- RECORDS FOR THIS EXERCISE
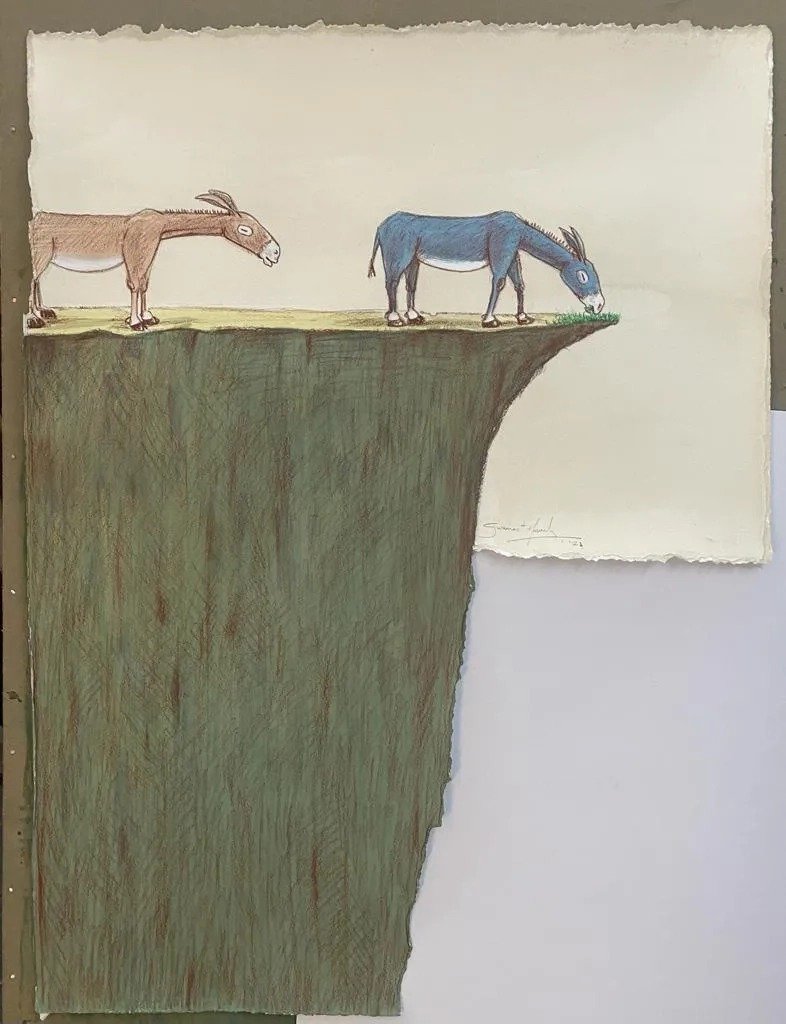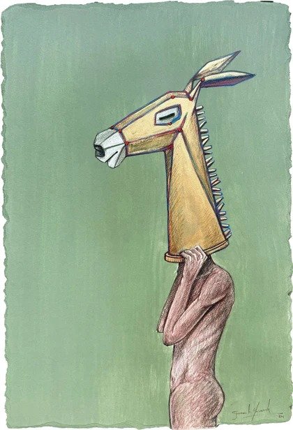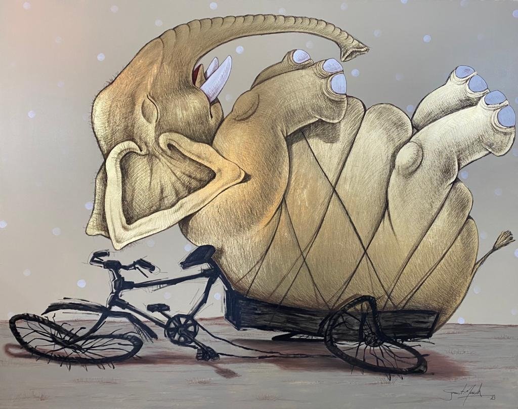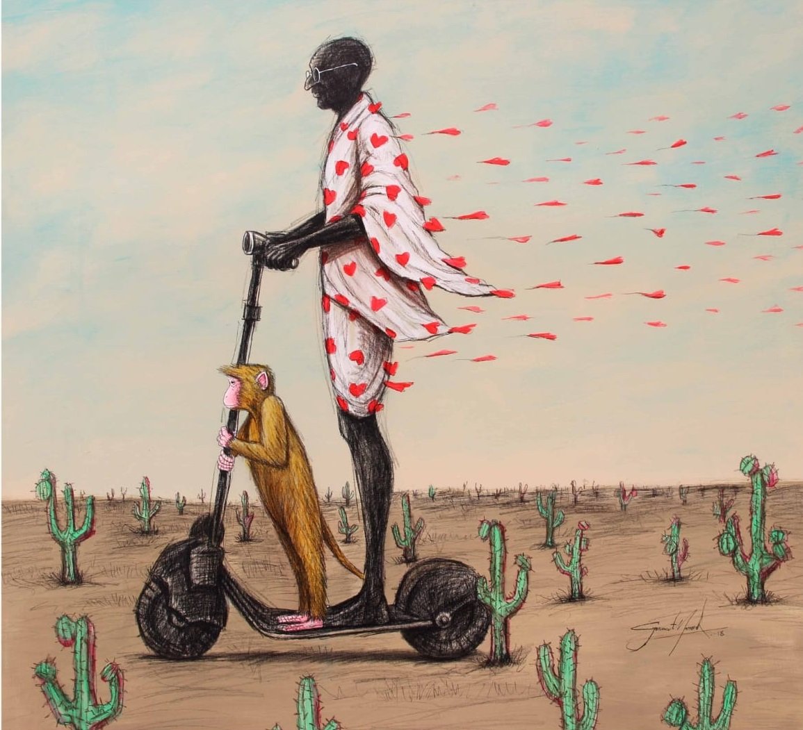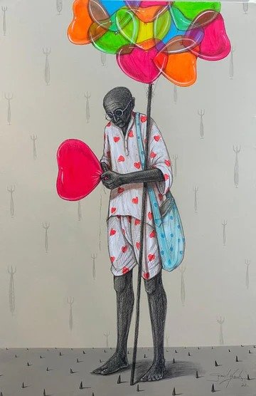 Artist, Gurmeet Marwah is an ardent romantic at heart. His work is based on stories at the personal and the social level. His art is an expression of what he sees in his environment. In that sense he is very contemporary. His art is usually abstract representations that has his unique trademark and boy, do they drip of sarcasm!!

---

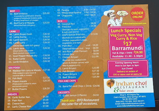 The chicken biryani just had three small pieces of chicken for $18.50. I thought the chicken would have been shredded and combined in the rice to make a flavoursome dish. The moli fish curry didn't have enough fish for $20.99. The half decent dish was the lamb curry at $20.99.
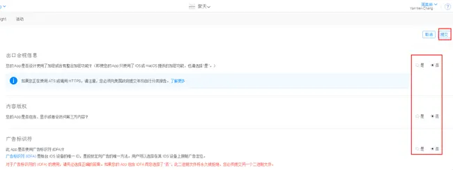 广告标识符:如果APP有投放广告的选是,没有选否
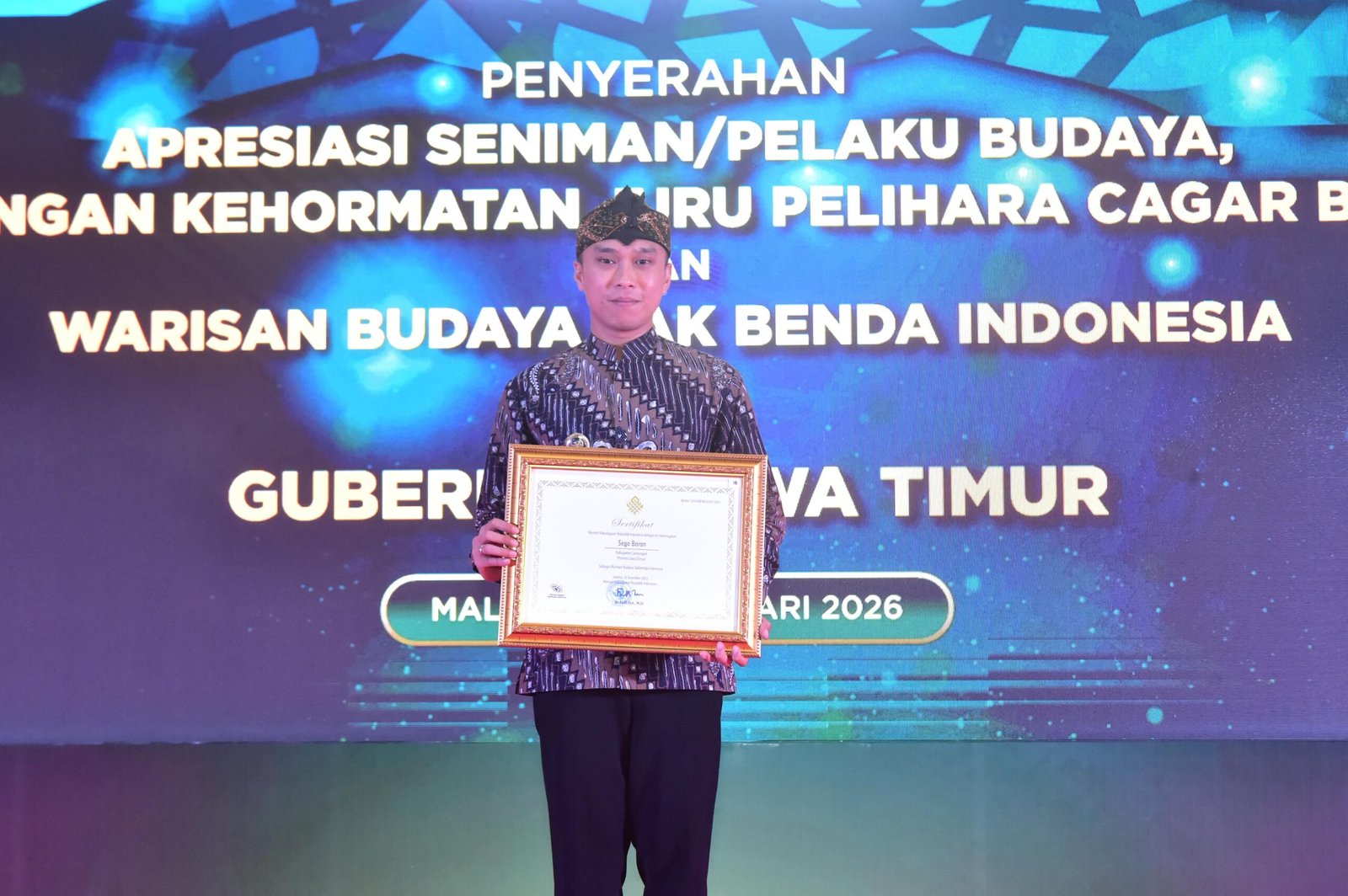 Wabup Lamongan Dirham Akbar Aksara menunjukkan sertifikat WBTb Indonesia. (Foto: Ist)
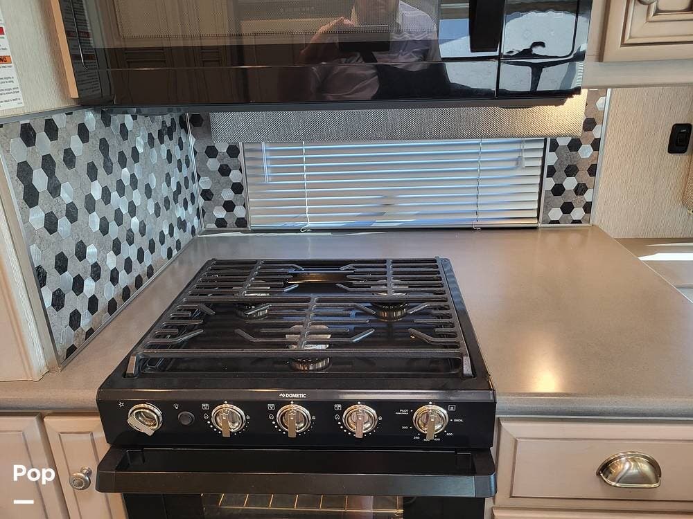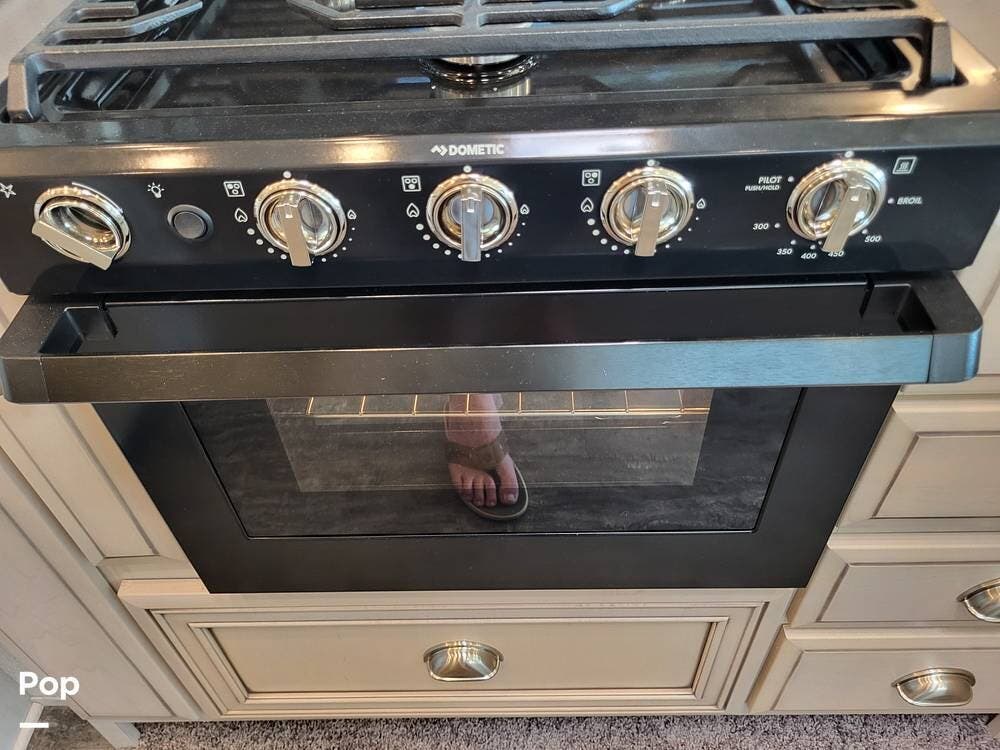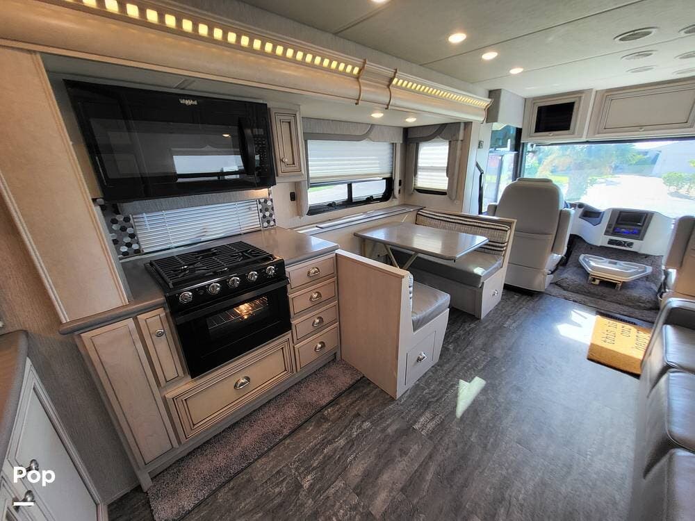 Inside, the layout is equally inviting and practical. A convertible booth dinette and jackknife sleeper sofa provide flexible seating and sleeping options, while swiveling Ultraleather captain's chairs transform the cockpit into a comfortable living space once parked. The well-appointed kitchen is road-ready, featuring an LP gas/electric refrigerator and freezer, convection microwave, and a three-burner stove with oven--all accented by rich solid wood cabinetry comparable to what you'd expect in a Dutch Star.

--

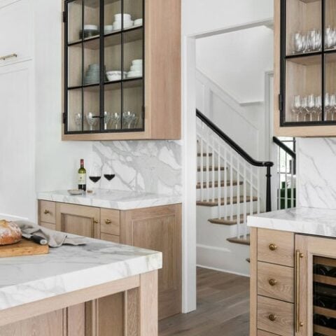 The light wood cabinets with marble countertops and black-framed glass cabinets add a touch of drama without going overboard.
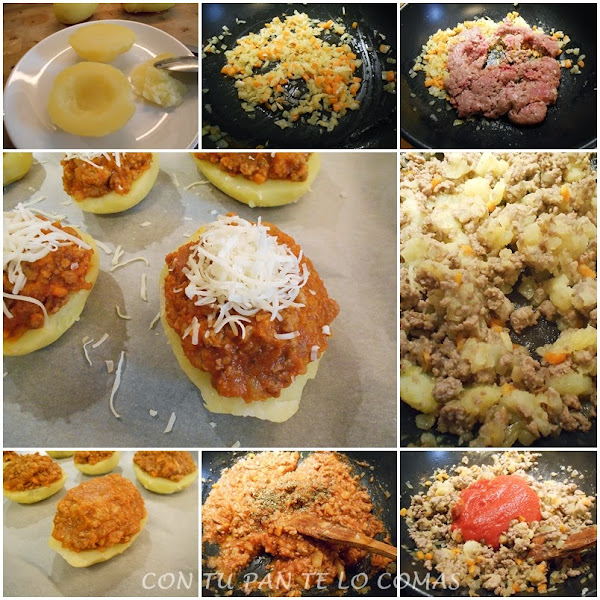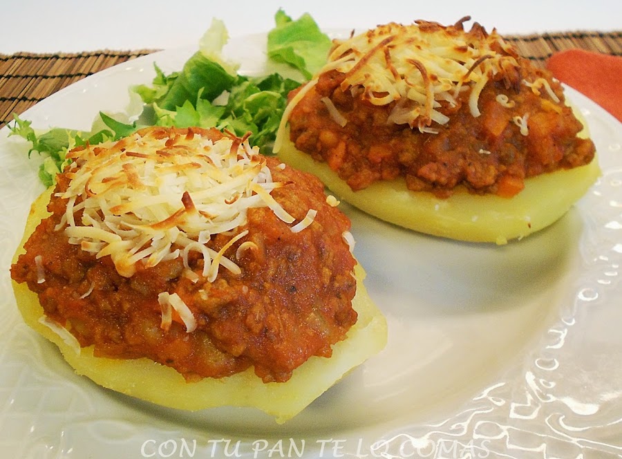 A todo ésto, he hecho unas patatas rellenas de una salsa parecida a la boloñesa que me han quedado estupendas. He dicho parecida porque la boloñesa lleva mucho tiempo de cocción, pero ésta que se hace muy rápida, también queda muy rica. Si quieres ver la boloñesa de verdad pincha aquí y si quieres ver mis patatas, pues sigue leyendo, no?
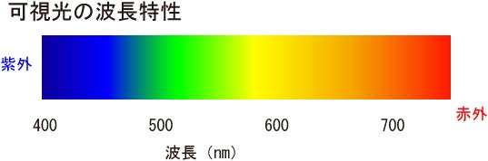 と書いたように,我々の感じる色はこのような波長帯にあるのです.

- ABOUT THIS TASK
Copy out the lines above from the line containing "Wabup Lamongan Dirham" through the line containing "Inside, the layout", exactly, and keep the pictures out.

- COMPLETED TASK
 Wabup Lamongan Dirham Akbar Aksara menunjukkan sertifikat WBTb Indonesia. (Foto: Ist)
 Inside, the layout is equally inviting and practical. A convertible booth dinette and jackknife sleeper sofa provide flexible seating and sleeping options, while swiveling Ultraleather captain's chairs transform the cockpit into a comfortable living space once parked. The well-appointed kitchen is road-ready, featuring an LP gas/electric refrigerator and freezer, convection microwave, and a three-burner stove with oven--all accented by rich solid wood cabinetry comparable to what you'd expect in a Dutch Star.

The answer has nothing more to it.